Some of you will have noticed the marked absence of information about airbrushes so far. I know you've seen websites picturing models where the builder said things like "I laid on the paint with a double action, 14 psi Badger with triple action needle and three speed overdrive". There's a darn good paint job pictured, and you despair of ever getting that kind of result without sinking lots of money into one of these contraptions.

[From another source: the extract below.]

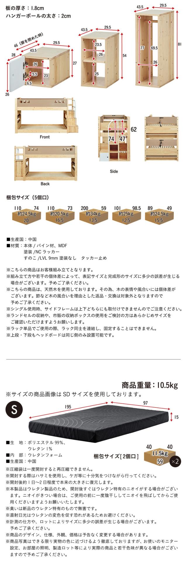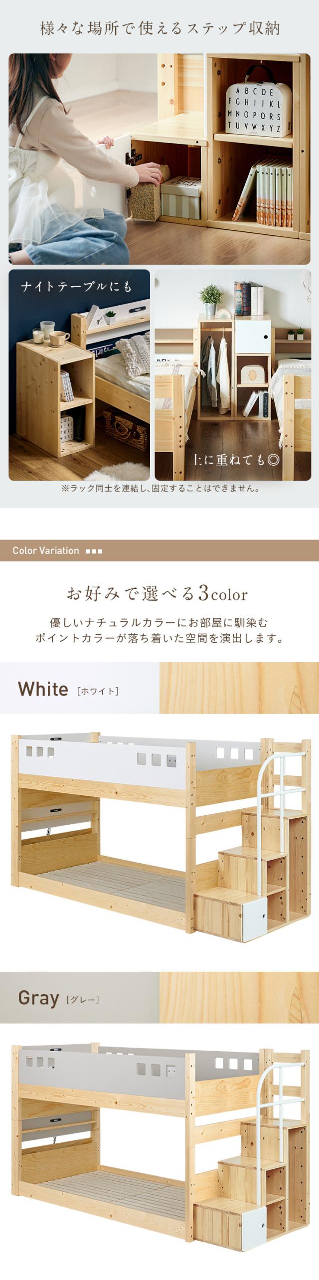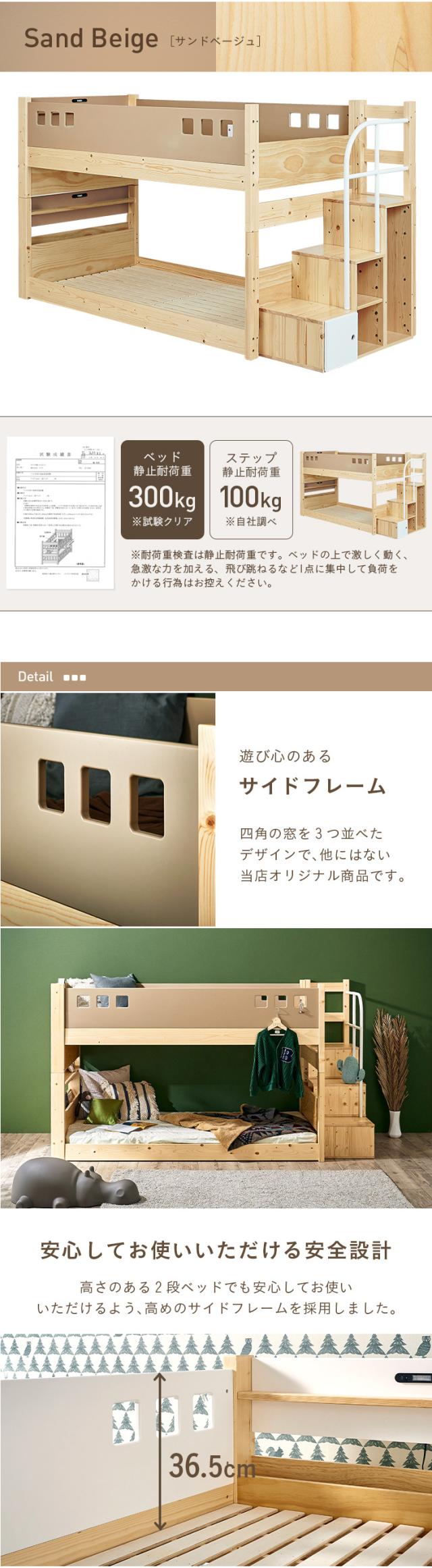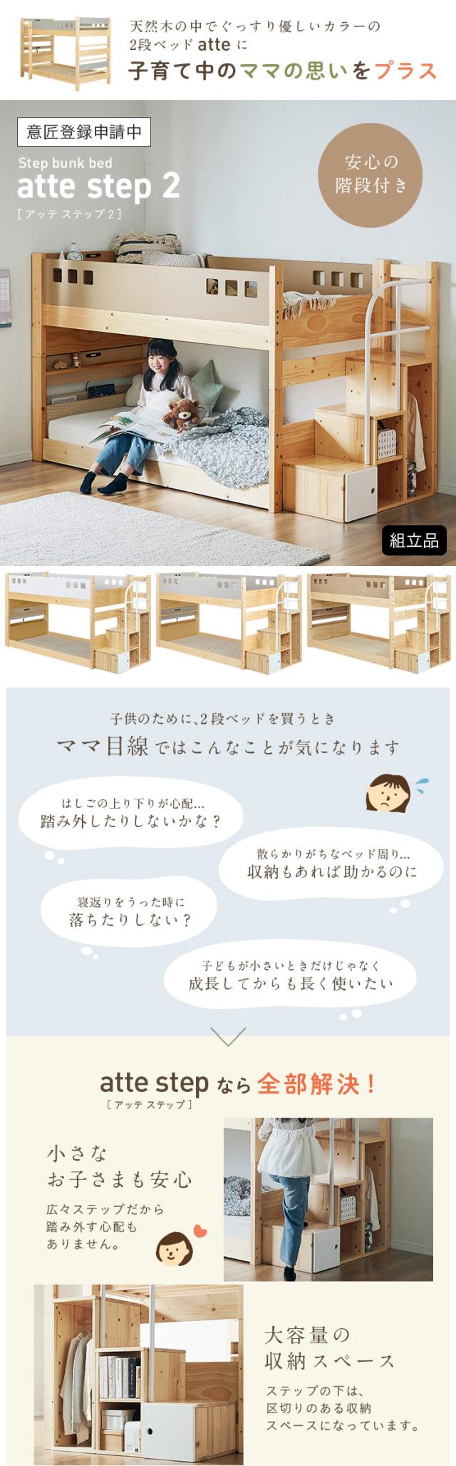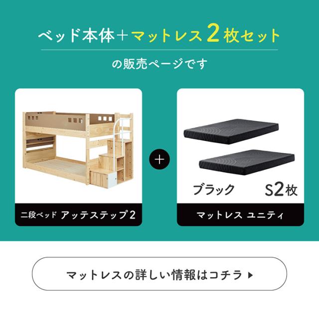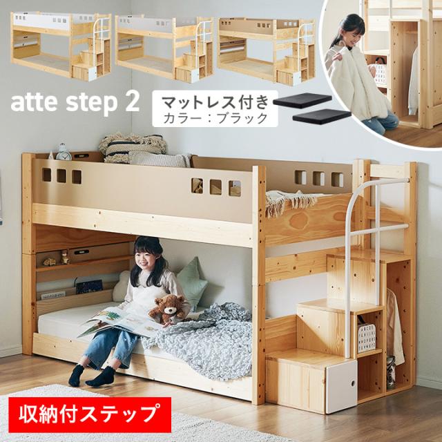 二段ベッド 大人用 マットレス 分離 子供 階段 コンセント マットレス付き シングル 黒 ブラック 2枚セット atte step2(アッテステップ2)+Unity(ユニティ) 3色対応 2段ベッド おしゃれ すのこ 子供部屋

Well, for certain applications it's true you just can't beat a good airbrush setup. In particular, folks who build hardware like cars, planes, and military instruments of destruction need one in order to lay on thin, smooth layers of paint in subtle shades. I know as a kid, I never could get a perfect gloss paint job on one of my cars using a regular old spray can. What you don't know is, getting the results you see from master modelers on the web who regularly win prizes at model shows takes a whole lot of practice using one of these things. Also, you get what you pay for. I have one of those cheap kits with the canned air myself, but almost never use it. The time you save doing something like spraying on a coat of primer instead of using a brush is lost when you have to clean and fuss with the thing.
So the answer is: no you don't need an airbrush.
For the type of figure models I build, knowing how to sling a brush will give you a great paint job that will stand up to anything done with spray. The only model on my site that had an airbrush used in the assembly was the motorcycle for the Toy Biz Ghost Rider, and even then I was just being lazy. Even if you just can't resist getting one, it's no substitute for knowing how to use a brush. Once you've learned the basics, then it can be an added weapon in your arsenal. If I ever find a website that gives beginners information about the whole area, I'll include it here. Until then, you're on your own.